Tudo barato é caro

Tudo o que é gratuito ou quase doado é fantástico … até acabar pagando caro. Por muitos anos a Espanha tem sido considerada bastante justa, como uma espécie de Shangri. Aquele sobre pirataria e falsificações.

11% da população admite que adquiriu conscientemente mercadoria adulterada, de acordo com um estudo do Gabinete de Propriedade Intelectual da União Europeia (EUIPO), quatro pontos acima da média europeia.
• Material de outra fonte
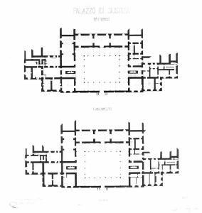 - NOTIZIE STORICO CRITICHE L'elaborato appartiene ad una serie di tavole di Pio Soli realizzate in occasione del Concorso Vittadini pubblicato il 10 novembre 1871 (ma riferibile all'anno 1869) relativo all'"alzamento del fabbricato denominato il Palazzo di Giustizia.. in modo da potervi insediare benanche gli uffici dellaPretura di mandamento" (Atti.., 1871, p. 55). Il progetto contrassegnato dall'epigrafe " Cesare Beccaria" è stato premiato dal Consiglio Accademico del 1872 "per lo studio della pianta pel concetto generale, pel carattere delle parti decorative" (Atti.., 1872, pp. 95-96)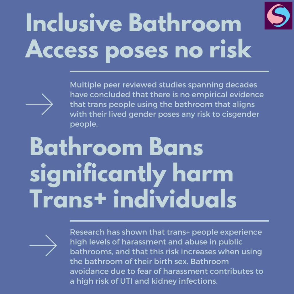 The Equality Act 2010 only permits the exclusion of trans+ people from single-sex services when this is a proportionate means of achieving a legitimate aim. There is no evidence that trans+ people using the bathroom of their lived gender poses any risks to cisgender people, and plenty of evidence to suggest that such bathroom bans negatively impact trans+ people, as well as disproportionately impacting people who are not considered traditionally feminine, such as butch lesbians and ethnic minorities. How has the decision then been reached that this is a proportionate means of achieving a legitimate aim?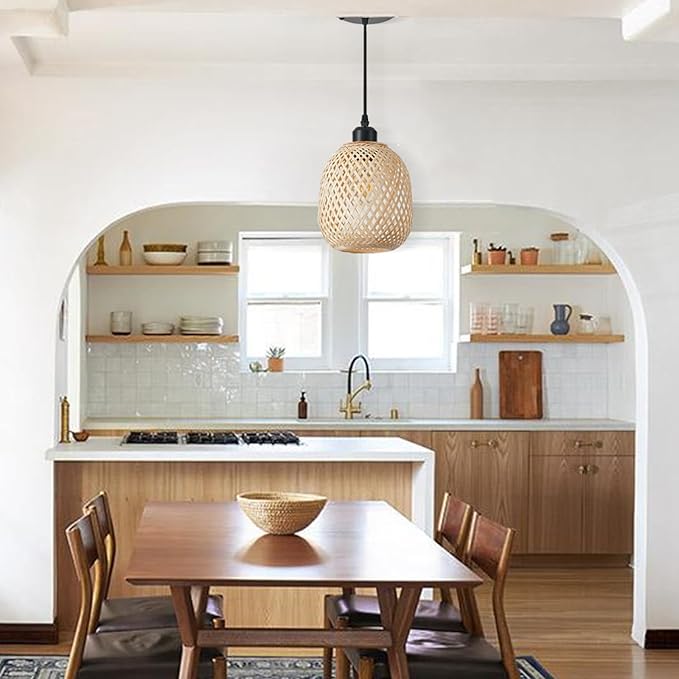 TERLEENART 1pcs Hand Woven Bamboo Boho Chic Pendant Light,Adjustable Cord Bamboo Rattan Ceiling Hanging Light for Dining Room Bar Cafe Restaurant Craft Room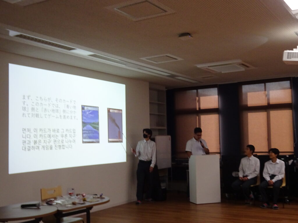 また、京都精華学園からは、中学部のアカデミッククエストと高校の自然科学部が協力し、アカデミッククエストは夏休みから作り上げてきた「日本の文化の紹介」や「私たちの活動の紹介」をするポスターを韓国語の翻訳付きで展示し、自然科学部は「マイアースカード」を紹介しました。マイアースカードは地球温暖化について学ぶことのできるカードゲームで、NPO法人SoELaさんと、京都大学の淡水生物研究会のみなさんとともに制作したものです。カードには、地球温暖化を防ぐと豊かな自然環境が得られるということで、学校のすぐ前を流れる鴨川や、その中に生息する生物などが紹介されており、興味深く取り組んでもらうことができました。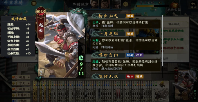 七进七出:赵云核心技能,可叠加提升出杀次数、手牌上限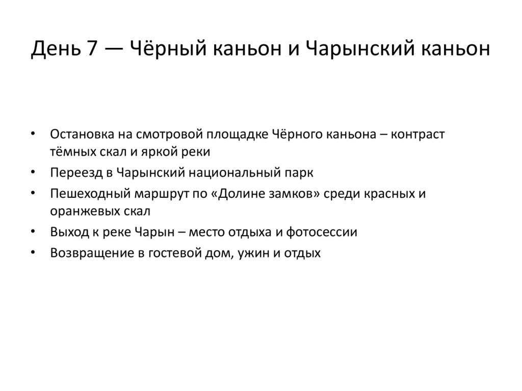 День 7 — Чёрный каньон и Чарынский каньон• Остановка на смотровой площадке Чёрного каньона – контраст

E um relatório da Coalizão de Criadores chegou à conclusão de que 87% do conteúdo consumido pelos espanhóis em 2015 era ilegal.

Não seria exagero dizer que a indústria do engano e do plágio encontrou em nossa sociedade uma benevolência generalizada e incompreensível. E, em vista das estatísticas, a administração parece ter enfrentado o problema com ineficiência manifesta (e mesmo com uma atitude muito semelhante ao modelo original de indolência).

Ele é ignorado ou esquecido que a picaresca projeto de lei é remédios exorbitantes cortar e colar preparados por exploração máfias plágio (de T-shirts Stephen Curry aos medicamentos ou brinquedos. Nada é alheio ao império dos presentes ou a irresponsabilidade de seu público) ascende a 85.000 milhões de euros em todo o mundo, de acordo com dados da UE e da OCDE.

Uma lacuna representa 2,5% do comércio mundial e 5% de todas as importações da UE em Espanha. a Associação para a Defesa de Marcas (ANDEMA) estima que esse tráfego pesado em falsificações faz com que ele pare de vender produtos no valor de mais de 7.000 milhões de euros, com a perda de cerca de 100.000 postos de trabalho, diretos e indiretos.